- Work order -
Provide an exact copy of the data, excluding the images.

- Supplied information -
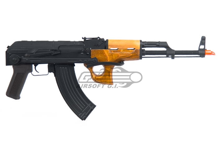 The CYMA CM048SU Full Metal AKMSU is one of the latest additions to Cyma's AK line up of AEG's. The receivers are solid metal and the pistol grip is made of a durable ABS plastic. The handguard is made out of real wood. In addition to the fantastic construction of the body CYMA has added a folding metal stock for CQB environments. The weight combined gives this airsoft gun a realistic feeling that is not too heavy. The internals are the same as the other CYMA AK's so you know it's well made.
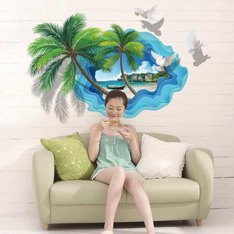 3d立体墙贴纸卧室房间床头椰树沙滩海报贴画墙面装饰墙纸自粘布。热门设计联盟服务商
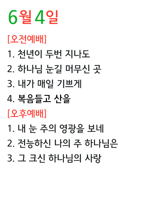 6월4일 찬양콘티
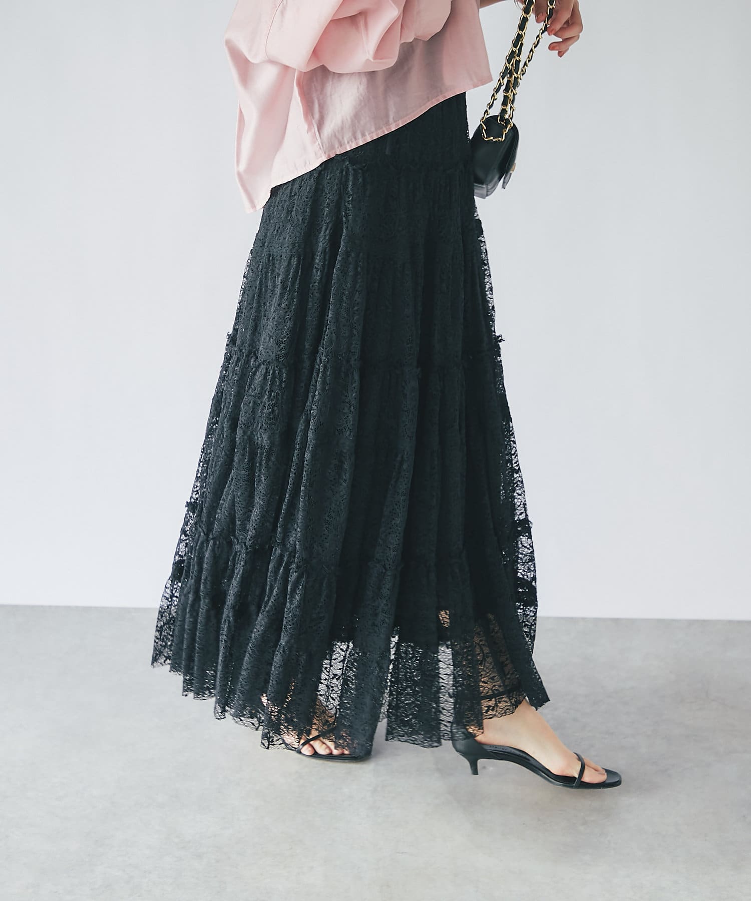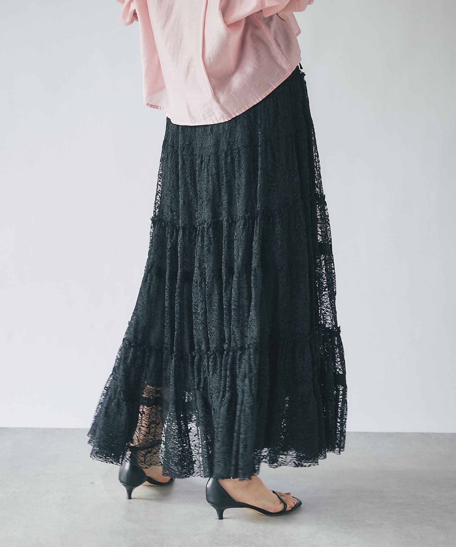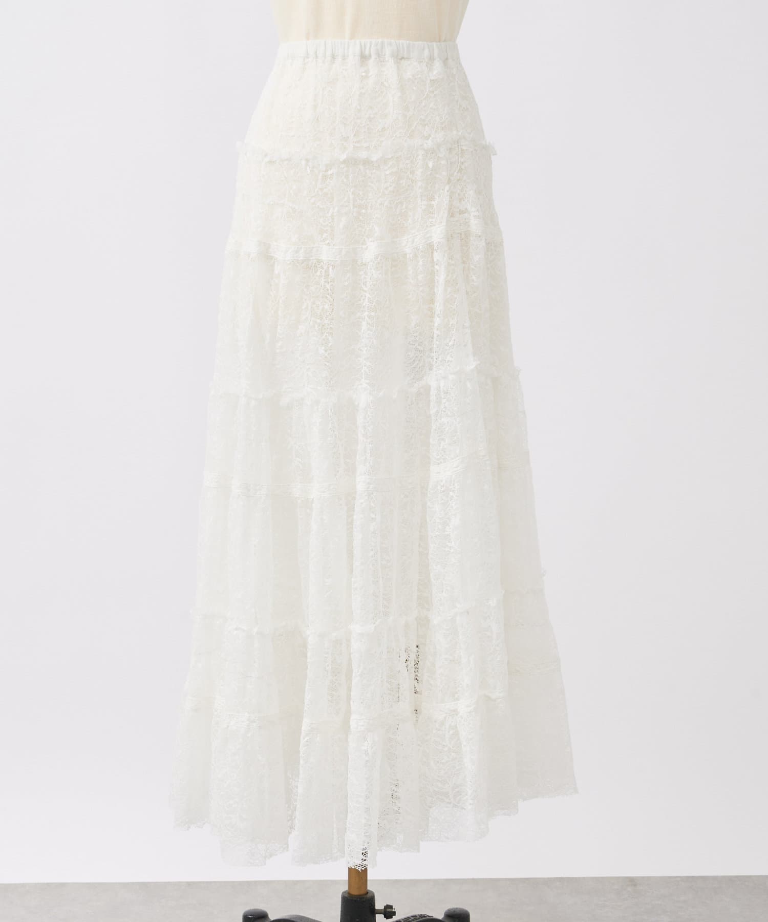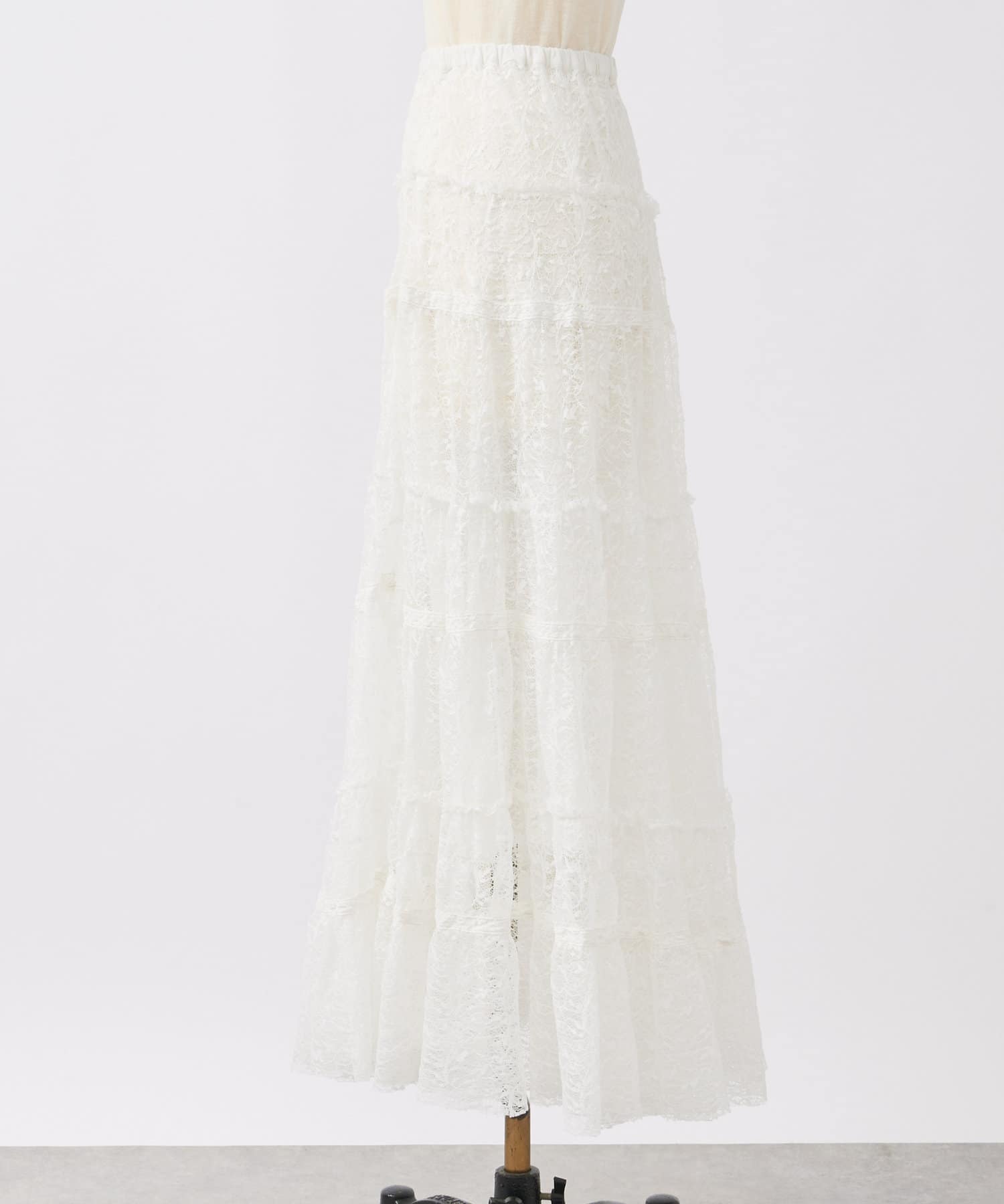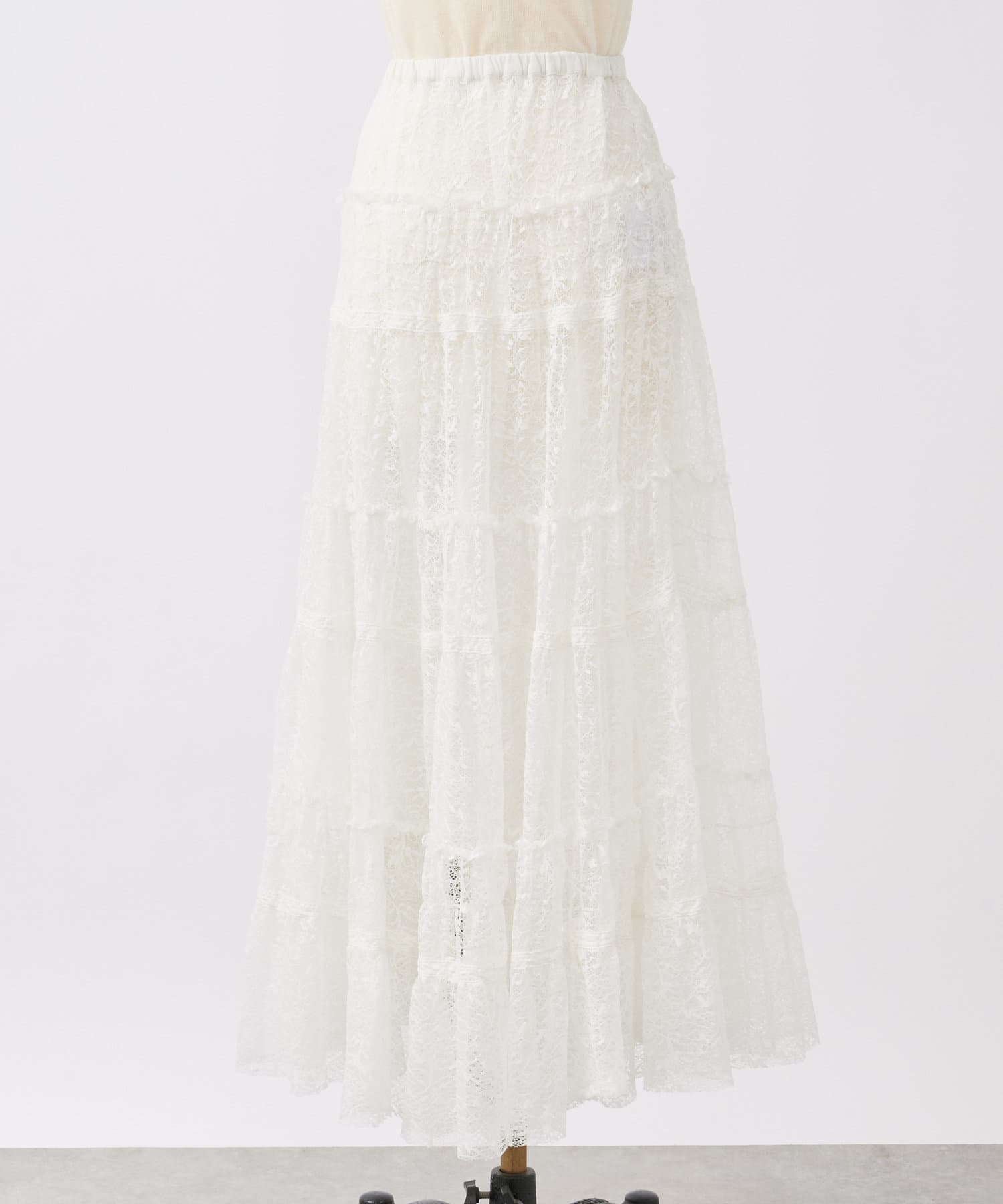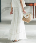 柔らかくて繊細なリバーレースで仕立てた贅沢なティアードロングスカート

- Completed exercise -
 The CYMA CM048SU Full Metal AKMSU is one of the latest additions to Cyma's AK line up of AEG's. The receivers are solid metal and the pistol grip is made of a durable ABS plastic. The handguard is made out of real wood. In addition to the fantastic construction of the body CYMA has added a folding metal stock for CQB environments. The weight combined gives this airsoft gun a realistic feeling that is not too heavy. The internals are the same as the other CYMA AK's so you know it's well made.
 3d立体墙贴纸卧室房间床头椰树沙滩海报贴画墙面装饰墙纸自粘布。热门设计联盟服务商
 6월4일 찬양콘티
 柔らかくて繊細なリバーレースで仕立てた贅沢なティアードロングスカート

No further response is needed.